### [SOURCE DATA]
--- --- ---
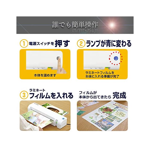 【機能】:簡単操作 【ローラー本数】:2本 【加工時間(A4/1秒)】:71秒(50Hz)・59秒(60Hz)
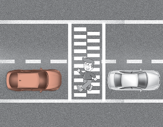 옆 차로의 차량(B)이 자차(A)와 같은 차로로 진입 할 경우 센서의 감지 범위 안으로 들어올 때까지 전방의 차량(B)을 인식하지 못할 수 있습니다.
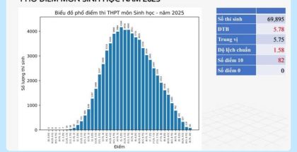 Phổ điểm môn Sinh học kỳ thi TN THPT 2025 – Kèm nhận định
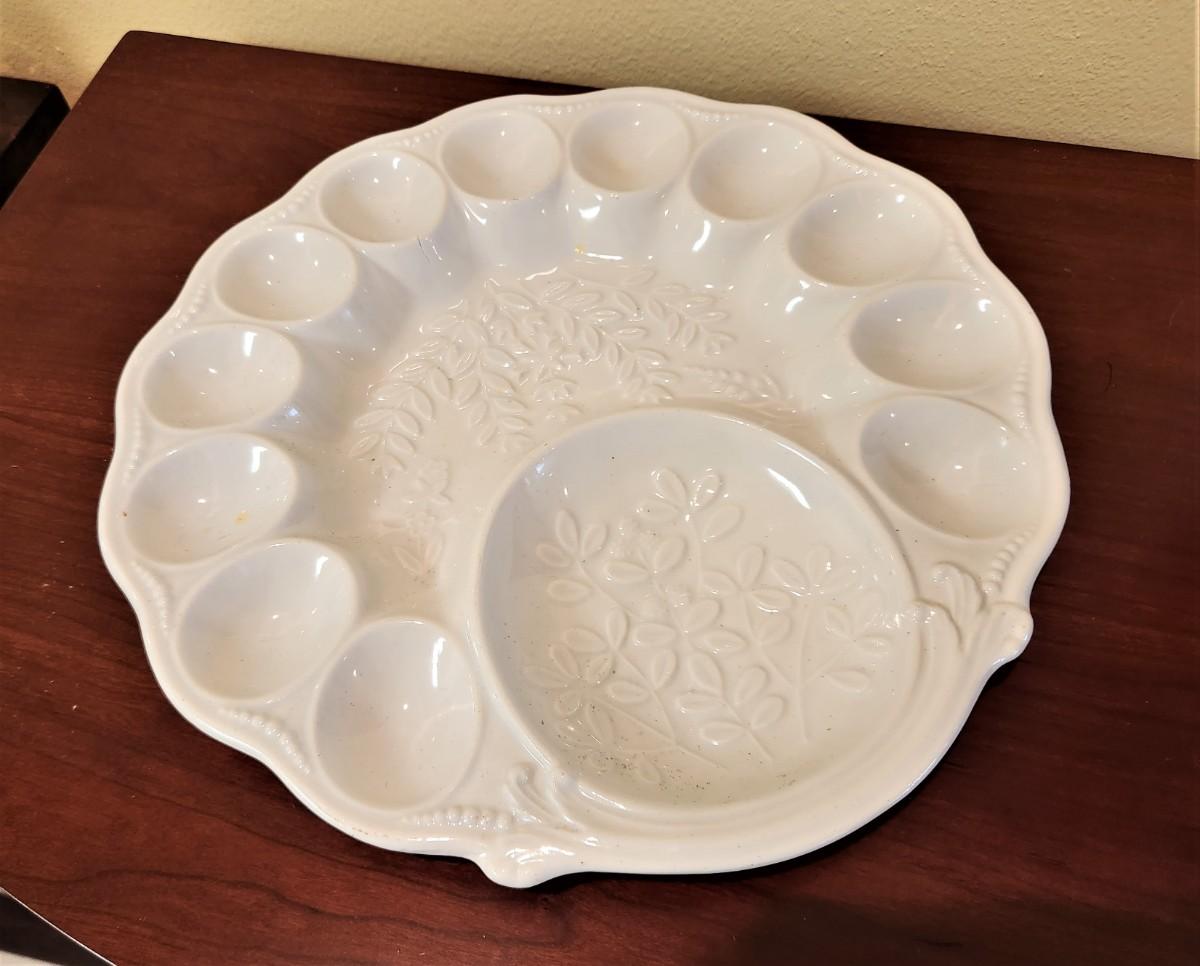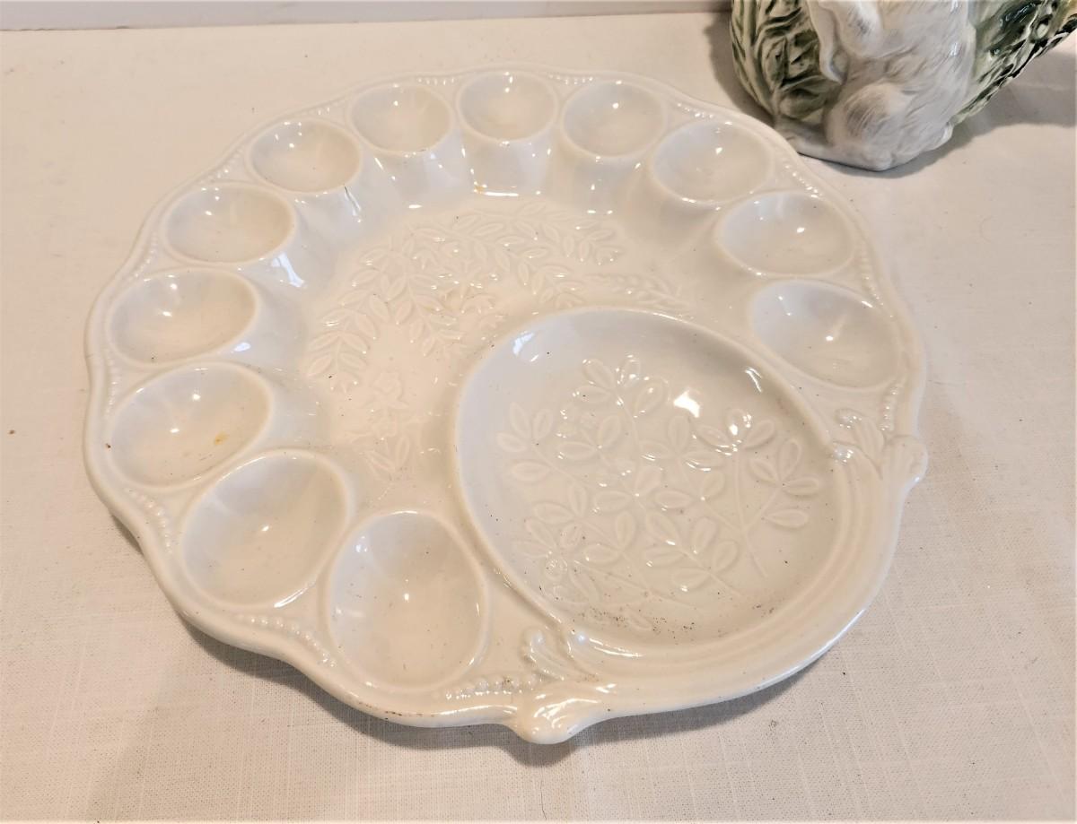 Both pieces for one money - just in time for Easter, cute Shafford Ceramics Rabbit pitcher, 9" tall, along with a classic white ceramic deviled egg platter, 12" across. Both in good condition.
--- --- ---
### [WHAT NEEDS TO BE DONE]
Everything from the line that contains "옆 차로의 차량(B)이" through the final line of the material should be returned exactly, except the pictures.

### [YOUR RESPONSE]
 옆 차로의 차량(B)이 자차(A)와 같은 차로로 진입 할 경우 센서의 감지 범위 안으로 들어올 때까지 전방의 차량(B)을 인식하지 못할 수 있습니다.
 Phổ điểm môn Sinh học kỳ thi TN THPT 2025 – Kèm nhận định
 Both pieces for one money - just in time for Easter, cute Shafford Ceramics Rabbit pitcher, 9" tall, along with a classic white ceramic deviled egg platter, 12" across. Both in good condition.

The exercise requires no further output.